*Problem to work on*
Output the listing exactly as written, apart from its pictures.

::::

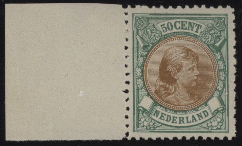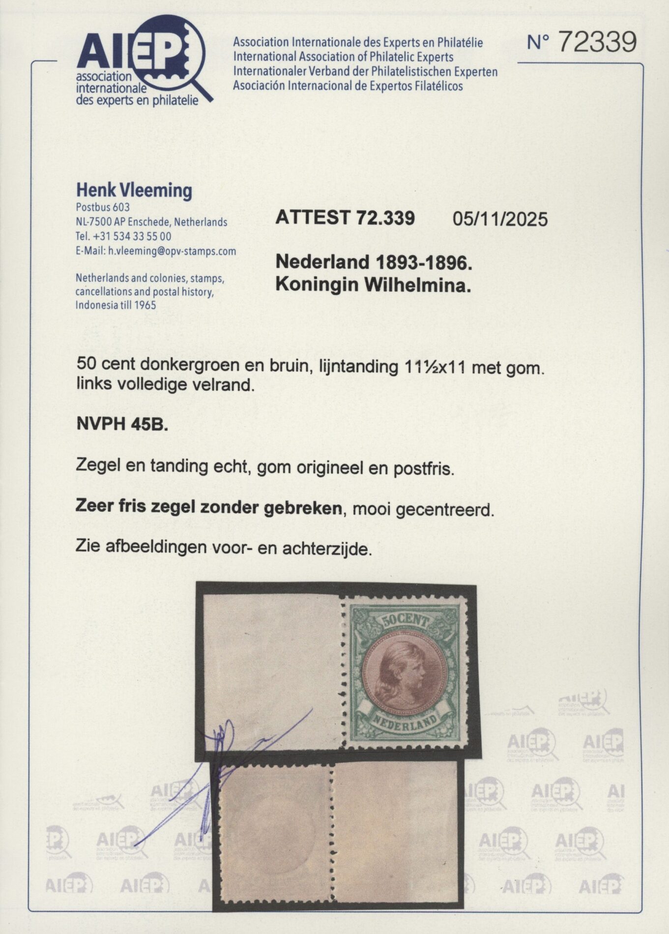 Nederland 1893-1896, 50 cent, donkergroen en bruin, lijntanding 11½x11, NVPH nr. 45B (Koningin Wilhelmina) postfris met originele gom. Een zeer fris zegel mooi gecentreerd zegel zonder gebreken met attest Vleeming attest. Het zegel heeft links een velrand.
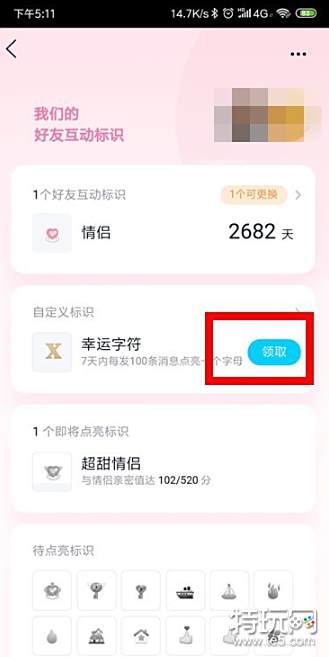 在幸运字符这里,我们点击领取。
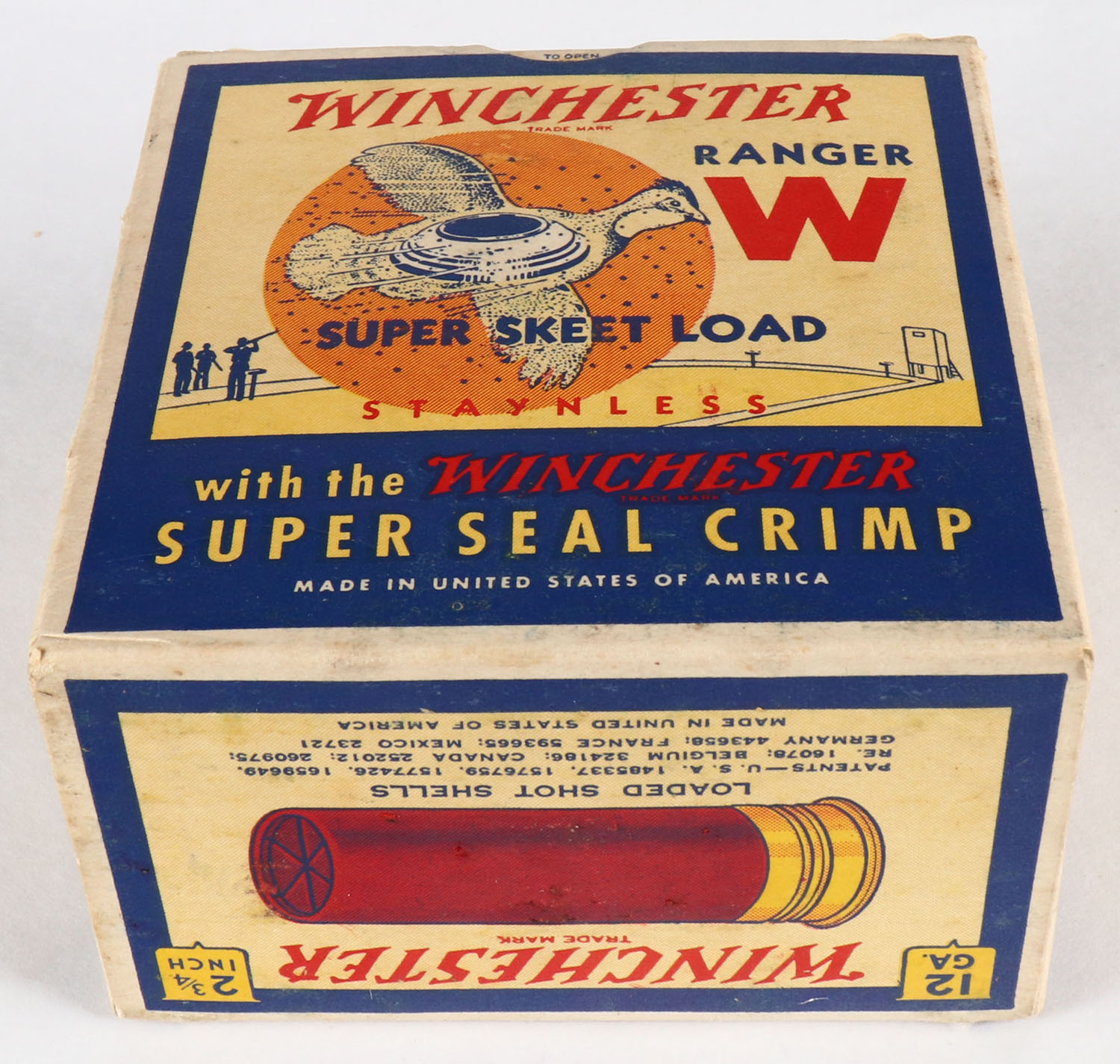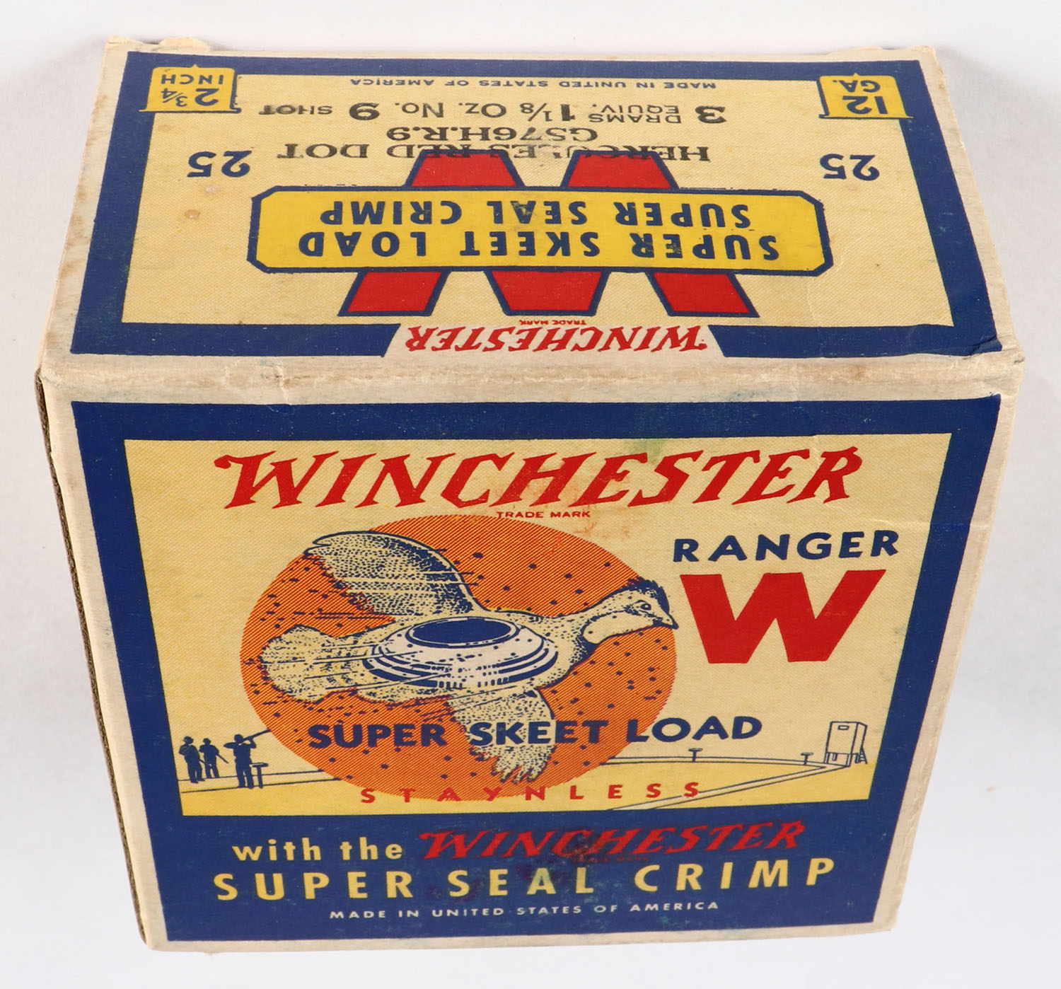 Winchester, Ranger Super Skeet Load, Hercules Red Dot, 12ga, 1pc., 2 3/4'', Full, White, blue & red box that pictures flying Quail with skeet in body & shot all around, Loading: 3 Drams, 1 1/8 Oz., No. 9 Shot, Box is very solid with great colors, Shells are excellent. Grade: Excellent ++ - Value: 50 to 300
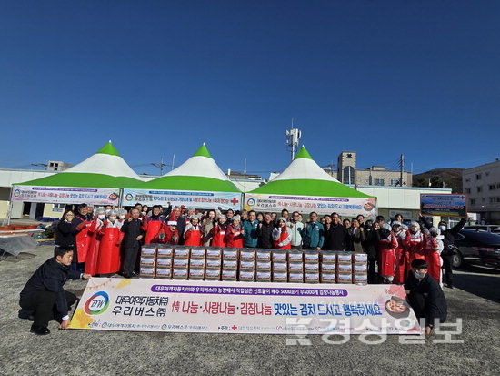 대우여객자동차(주)와 우리버스(주)는 시내버스 기사들이 직접 심고 키운 배추 5000포기, 무 5000개로 5㎏들이 3000통(9000만원 상당) 김치를 담그는 사랑의 김장나눔 온기나눔 행사를 4일 우리버스 북구 연암차고지에서 실시했다. 기사들은 지난 8월 회사 농장인 울산 중구 성안동 1004 일대에서 홀몸노인 및 소년소녀 가장 등에 나눠 줄 김장용 배추와 무를 심고 길렀다. 이날 담근 김치는 관내 복지시설과 교통사고 피해 가족, 한부모 가정, 소년·소녀 가장, 지역아동센터, 장애인보호시설 등에 전달됐다. 김은정기자 저작권자 © 울산일보 무단전재 및 재배포 금지 이춘봉 다른기사 보기 페이스북 트위터 카카오스토리 URL복사 기사공유하기
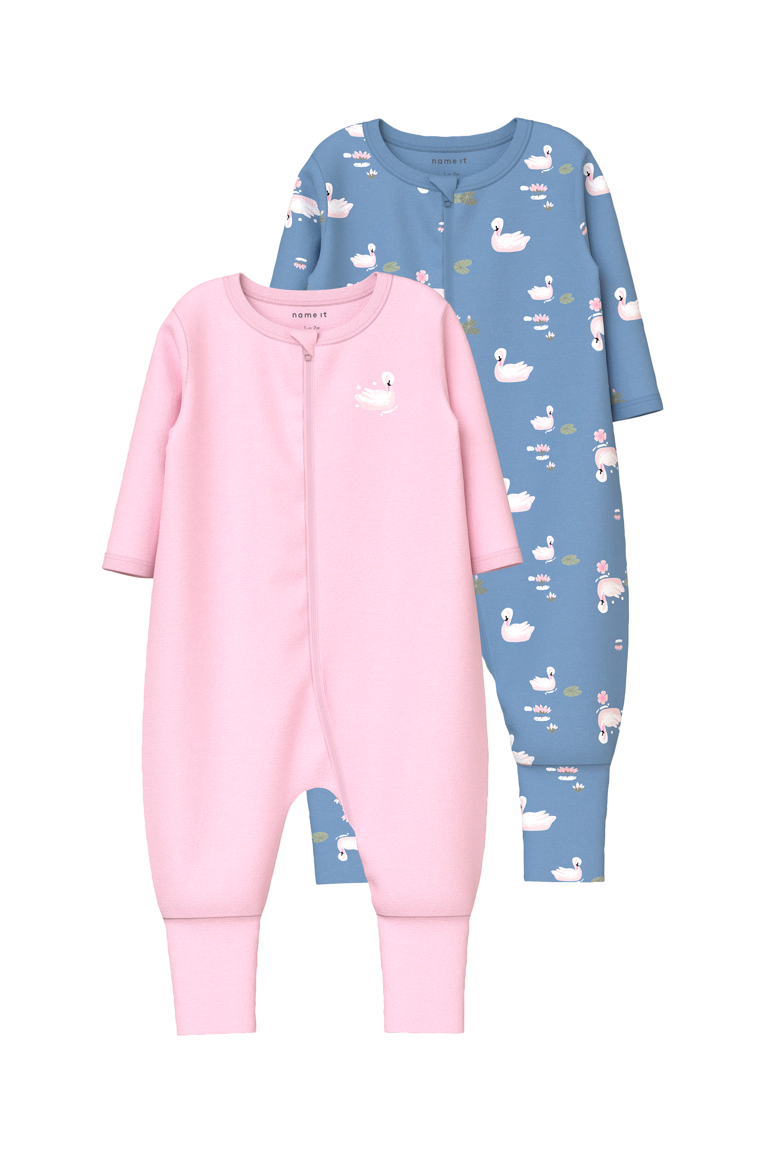 • 2-pack pyjamas i mjuk bomull• Rund, ribbad halsringning• Dragkedja hela vägen fram med hakskydd• Muddar i bensluten
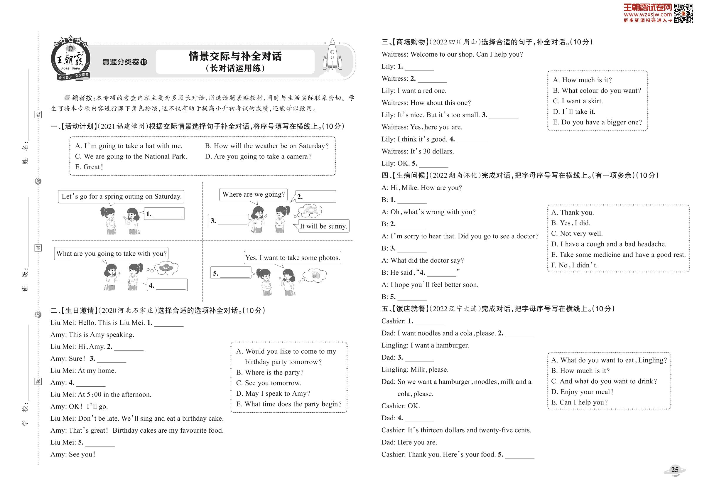 小升初英语真题分类·王朝霞精编卷——情景交际与补全对话(长对话运用练)【13】

::::

*Answer to the problem*
 Nederland 1893-1896, 50 cent, donkergroen en bruin, lijntanding 11½x11, NVPH nr. 45B (Koningin Wilhelmina) postfris met originele gom. Een zeer fris zegel mooi gecentreerd zegel zonder gebreken met attest Vleeming attest. Het zegel heeft links een velrand.
 在幸运字符这里,我们点击领取。
 Winchester, Ranger Super Skeet Load, Hercules Red Dot, 12ga, 1pc., 2 3/4'', Full, White, blue & red box that pictures flying Quail with skeet in body & shot all around, Loading: 3 Drams, 1 1/8 Oz., No. 9 Shot, Box is very solid with great colors, Shells are excellent. Grade: Excellent ++ - Value: 50 to 300
 대우여객자동차(주)와 우리버스(주)는 시내버스 기사들이 직접 심고 키운 배추 5000포기, 무 5000개로 5㎏들이 3000통(9000만원 상당) 김치를 담그는 사랑의 김장나눔 온기나눔 행사를 4일 우리버스 북구 연암차고지에서 실시했다. 기사들은 지난 8월 회사 농장인 울산 중구 성안동 1004 일대에서 홀몸노인 및 소년소녀 가장 등에 나눠 줄 김장용 배추와 무를 심고 길렀다. 이날 담근 김치는 관내 복지시설과 교통사고 피해 가족, 한부모 가정, 소년·소녀 가장, 지역아동센터, 장애인보호시설 등에 전달됐다. 김은정기자 저작권자 © 울산일보 무단전재 및 재배포 금지 이춘봉 다른기사 보기 페이스북 트위터 카카오스토리 URL복사 기사공유하기
 • 2-pack pyjamas i mjuk bomull• Rund, ribbad halsringning• Dragkedja hela vägen fram med hakskydd• Muddar i bensluten
 小升初英语真题分类·王朝霞精编卷——情景交际与补全对话(长对话运用练)【13】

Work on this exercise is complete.